Autonomisation des travailleuses domestiques au Cambodge grâce à la technologie de l’information

Des recherches montrent que les travailleuses domestiques au Cambodge ont besoin d’être informées sur les services de santé physique et mentale disponibles et de pouvoir y accéder. Une nouvelle technologie soutenue par ONU Femmes les autonomise en vue de mener une vie plus saine.

Date : mercredi 14 septembre 2016

 

Samen Phalla est à présent mieux informée de ses droits et des services auxquels elle peut accéder.  Crédit photo : Lisa Taïeb

Samen Phalla est à présent mieux informée de ses droits et des services auxquels elle peut accéder. Crédit photo : Lisa Taïeb

« Si nous avons un problème de santé et nous ne savons pas de quoi il s’agit ou ce que nous devons faire, nous pouvons désormais appeler le service d’aide téléphonique, » précise Samen Phalla, travailleuse domestique de 44 ans et responsable d’équipe du Réseau cambodgien des travailleuses domestiques.
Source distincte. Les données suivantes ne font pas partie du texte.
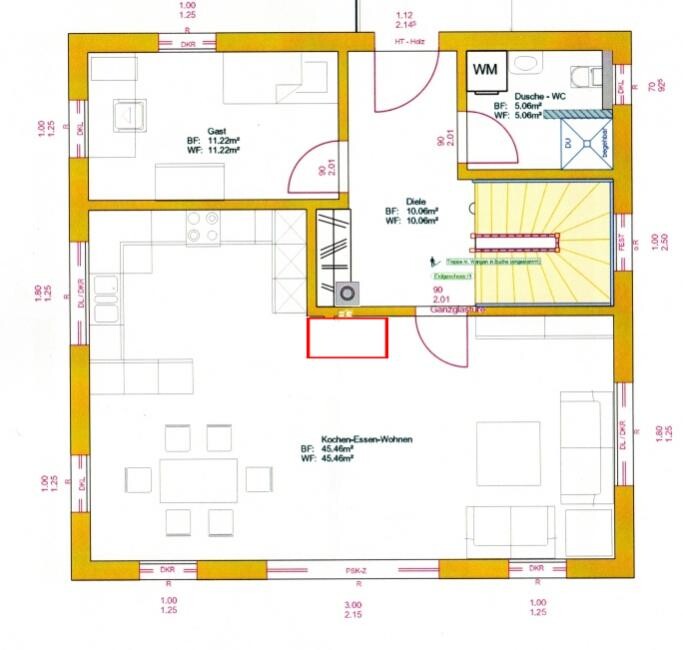 - Türe zum Flur ca. 1m versetzen oder nicht? Hintergrund: ich hätte nach dem Versetzen mehr Platz für die Fernseher-Wand/Bücherregal...Das ist gar nicht so einfach. Mal doch mal den Kamin mit rein. Was soll denn da für ein Gerät hin? Wenn Du die Tür versetzt, wirst Du sicher auch den Aufschlag umdrehen wollen. Dann verdeckst Du den Kamin hinter der Tür und am Ende fackelt Dir noch die Bude ab. Und das wär ja auch unsinnig, den Kamin oder Ofen will man ja sehen. Ich habe das gleiche Problem gehabt und mich am Ende entschlossen, die Tür in die Diele aufschlagen zu lassen. Die Wohnzimmertür steht bei uns eh immer offen und sollte daher nicht im Weg sein. Ich würde wahrscheinlich diese Wand, die von der Küche wie ein Haken ins Wohnzimmer ragt, ganz wegnehmen und dort fett den Kamin einplanen. Den Schornstein oben und unten auf den Flur verbannen. Wenn die Pelletheizung da mit ran soll, muss der zweizügig sein, richtig? Dann würde ich gleich mal noch 20 cm mehr dafür einplanen.

Née dans la province de Svay Rieng, Phalla s’est rendue à Phnom Penh à l’âge de 16 ans en tant que travailleuse domestique. « Le travail d’une travailleuse domestique est éprouvant physiquement, » déclare Phalla. Elle nettoie trois maisons différentes presque tous les jours. « Pour obtenir un salaire décent, nous devons beaucoup travailler, mais cela ne me dérange pas, » sourit-elle.

Phalla a passé sa dernière visite médicale en 2007. « Le docteur m’avait dit de prendre certains médicaments pour mes maux de tête, mes courbatures et mes troubles du sommeil, mais je ne l’ai pas fait. Je n’avais pas l’argent et je ne savais pas comment obtenir ces médicaments, » explique-t-elle.

Les travailleuses domestiques ne sont pas protégées par le code du travail cambodgien en matière de sécurité sur le lieu de travail et de soins de santé. D’ailleurs, le travail domestique est souvent perçu comme une forme de servitude. Aujourd’hui, grâce à la technologie et au service de reconnaissance vocale interactive (RVI), mis en place avec l’appui d’ONU Femmes, les travailleuses domestiques peuvent appeler un numéro gratuit depuis leur téléphone portable ou leur Smartphone et se connecter à une base de données qui leur fournit des informations faciles à utiliser sur les services de santé disponibles. Ce service propose également des renseignements sur les lois nationales relatives à la violence domestique et sur le lieu de travail, ainsi que sur la marche à suivre pour accéder à des services d’aide et d’assistance juridique. 

Il y a quelques semaines, Phalla a vu plusieurs spécialistes qui ont soigné ses problèmes de santé et qui lui ont aussi donné des renseignements en matière de santé reproductive.  « Je suis à présent en bonne santé et je n’ai plus de maux de tête, » a déclaré Phalla, reconnaissante de pouvoir profiter au mieux des moments passés avec sa famille.

« J’étais souvent très stressée et je souffrais de maux de tête aigus. Je ne savais pas comment me soigner ni où obtenir de l’aide, » précise Chenda, travailleuse domestique de 50 ans de la province de Kampong Cham. Elle a commencé à travailler comme travailleuse domestique à Phnom Penh après son divorce et, à ce jour, elle a déjà eu six employeurs. Grâce à la RVI, Chenda a pu trouver des services de santé appropriés et elle connaît davantage ses droits. Ses maux de tête ont disparu et elle est plus heureuse. 

Les migrantes, des zones rurales aux zones urbaines, représentent une proportion significative des travailleuses domestiques du Cambodge. Un rapport publié par ONU Femmes en 2015, « Out from behind closed doors: A study on domestic workers in Cambodia », a mis en évidence leur vulnérabilité face à la violence et à l’exploitation, ainsi que la nécessité de s’efforcer à fournir les informations de santé appropriées aux travailleuses domestiques.

 « La technologie RVI vise à combler un manque de connaissances chez les travailleuses domestiques, » a déclaré M. Socheath Heng, directeur du programme à ONU Femmes. « L’accès aux services est très important mais les femmes doivent aussi être en mesure de pouvoir facilement accéder aux informations relatives à ces services. La technologie RVI permet de le faire, » a expliqué M. Heng. 

Cette technologie RVI a été développée en partenariat avec l’organisation cambodgienne, Open Institute, dans le cadre du projet d’ONU Femmes pour l’Asie et le Pacifique, « Preventing the exploitation of women migrants workers in the ASEAN region », mis en œuvre sur la période 2015-2017 et financé par le gouvernement australien. Le service de RVI est disponible en khmer et accessible localement en composant le 070-221-148.